Cuando arrancábamos, el mundo se reducía al ruido de la tabla sobre las piedras, al viento golpeando en la cara y al corazón que latía como tambor. Si uno iba con otro encima de la misma tabla, el de atrás sujetaba fuerte a su compañero, confiando en que el de adelante supiera frenar, aunque casi nunca frenábamos. Llegábamos hasta donde se acababan los adoquines o hasta que una piedra suelta nos mandaba al suelo.
Aquel día, por ejemplo, Nico iba solo y agarró tanta velocidad que ni siquiera tuvo tiempo de esquivar el hueco frente a la tienda de Don Benjamín. La tabla brincó como una rana, se le volteó en el aire y él salió disparado contra el empedrado. Rodó un buen trecho antes de quedar boca arriba, con la camisa rota y el aire perdido en los pulmones.
Nosotros corrimos a su lado, medio asustados, medio riéndonos.
—¿Estás bien? —le pregunté, aunque ya sabía la respuesta por cómo tenía el codo.
—Me raspé todo —dijo apretando los dientes, con las lágrimas a punto de salir.
Entonces apareció Mápura, sin que lo hubiéramos visto llegar. Se agachó junto a Nico, le dio una mirada larga y tranquila, y sin decir nada sacó un pañuelo viejo de su bolsillo. Con la misma suavidad con que cargaba los bultos en la plaza, le limpió despacio la herida del codo. Luego le palmeó el hombro una vez, fuerte pero no brusco, como diciendo todo bien.
Nico lo miró como si no supiera qué hacer, pero al rato sonrió.

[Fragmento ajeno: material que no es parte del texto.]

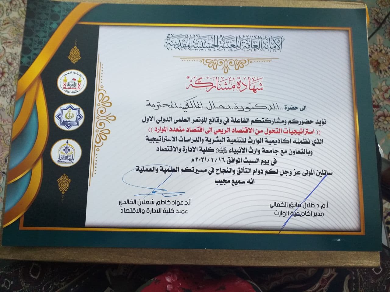 الدكتورة "نضال المالكي" لجهودها المتميزة في دعم المسيرة العلمية في الكلية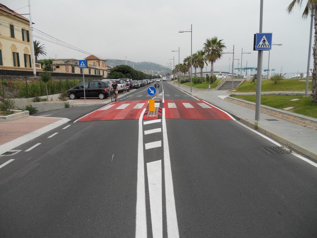 Completati anche gli attraversamenti pedonali rialzati, evidenziati con speciale vernice spartitraffico di colore rosso e bianco, completati sulla mezzeria da isole salvagente rialzate nelle zone ad alta densità di presenze pedonali quali via Foscolo (ingresso scuola), lungomare G. Marconi e lungomare M. Loreto. I nuovi attraversamenti favoriscono la sicurezza dei pedoni in attraversamento e contemporaneamente obbligano i veicoli circolanti a rallentare la velocità.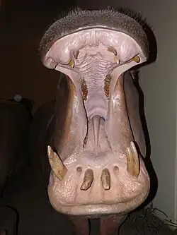 Dobře vyvinuté jsou zuby. Řezáky ve spodní čelisti jsou kolíkovité a míří šikmo dopředu, špičáky jsou přeměněny v kly, zejména u samců dosahují úctyhodných rozměrů. Z dásní vyčnívají asi 35 cm a celkově mohou měřit až 70 cm. Slouží především k varování a jako zbraň ve vzájemných soubojích. Špičáky i řezáky v horní čelisti jsou mnohem menší a mají kolíkovitý tvar. Zatímco špičáky a řezáky hrochům rostou po celý život, stoličky se postupně vyměňují, obdobně jako u slonů. Trávu a jiné rostliny trhá hroch mohutnými tuhými kožovitými pysky, stoličkami ji rozmělňuje. Zuby používá i k dobývání kořenů vodních rostlin. (Síla stisku čelistí činí okolo 8100 newtonů.[5])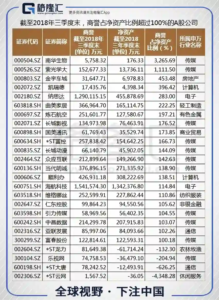 截至2018年三季度末,A股共有超过2070家上市公司存在商誉,商誉总额约为1.45万亿元,同比增长15%,环比增长4%。其中,约160家公司的商誉占净资产比例超过50%,21家超过100%。另外,像乐视网、*ST龙力等公司,它们的净资产为负,但商誉却高达数亿元。

—Gracias, Mápura —dijo bajito. Y Mápura solo asintió, se levantó despacio y se fue caminando calle abajo, con sus pasos de siempre, como si lo que acababa de hacer no fuera nada.

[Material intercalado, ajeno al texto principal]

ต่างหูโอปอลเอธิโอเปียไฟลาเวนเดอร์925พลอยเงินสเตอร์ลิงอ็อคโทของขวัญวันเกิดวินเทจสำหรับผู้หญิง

Había veces que la tabla deslizaba perfecta, como si flotara. Y la gente del pueblo se asomaba a vernos pasar. Incluso María Pinzas apareció una vez. Se quedó mirando desde la puerta de la casa de los Restrepo, arreglándose el cabello mientras decía:
—Miren esos muchachos, ¡qué lindos se ven! Pero pónganse algo en esas rodillas, que se van a desgraciar.

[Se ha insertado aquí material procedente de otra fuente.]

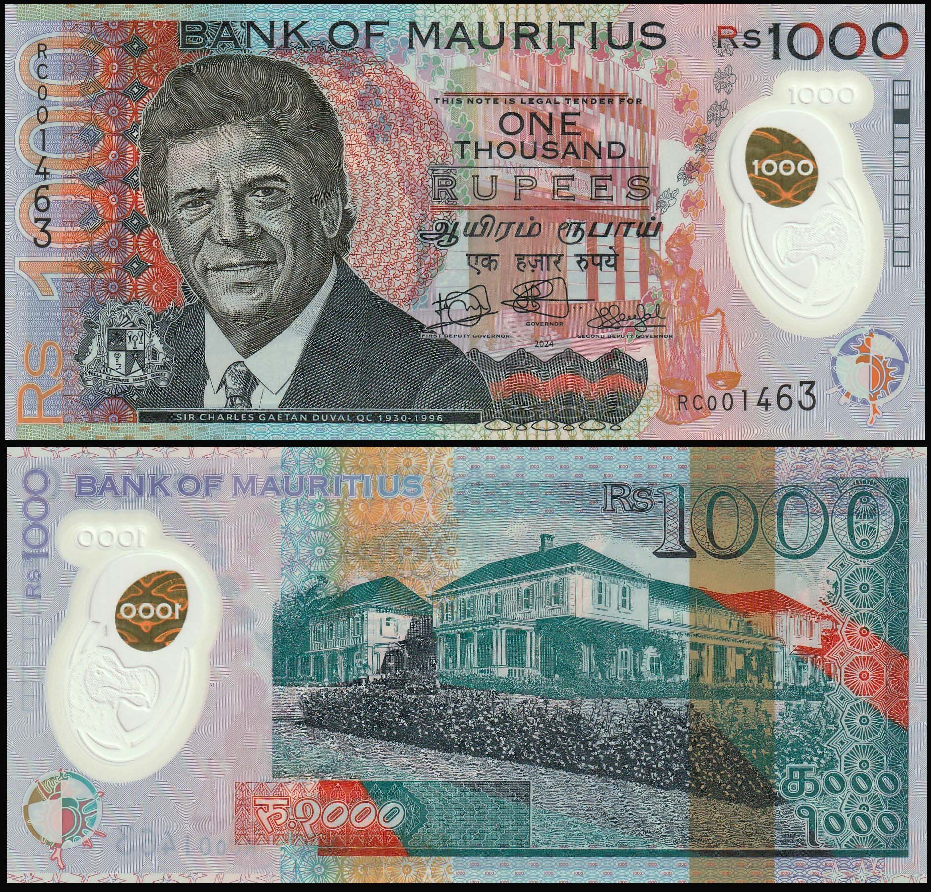 Mauritius 1000 Rupees 2024 UNC Polymer Banknote

Y sin más, nos regaló dos de sus pinzas para «que les dé suerte». Juancho se la puso en el bolsillo del pantalón, y juró que por eso esa tarde llegó hasta la base del palo de mango.
Después de cada descenso, los tres o cuatro nos sentábamos en el murito de piedra, raspados, sudados y riendo.
—¡Qué velocidad, carajo! —decía Nico, todavía con las mejillas coloradas.
—Mañana le quito más peso a la tabla, pa’ que vuele más —planeaba Juancho, como si fuera ingeniero.
Y yo solo pensaba en volver a frotar la parafina y repetir la hazaña, mientras El Mudo nos hacía la seña de que lo habíamos hecho bien.
A veces, antes de irnos, pasábamos por donde Don Salomón a comprar un Bon Bon Bum con las monedas que nos sobraban. Y mientras chupábamos el caramelo, mirábamos calle arriba, calculando la mejor línea para el próximo descenso.
Porque sabíamos que al día siguiente, o quizás al otro, íbamos a estar otra vez allí, desafiando la cuesta de La Violeta, como si nada pudiera rompernos.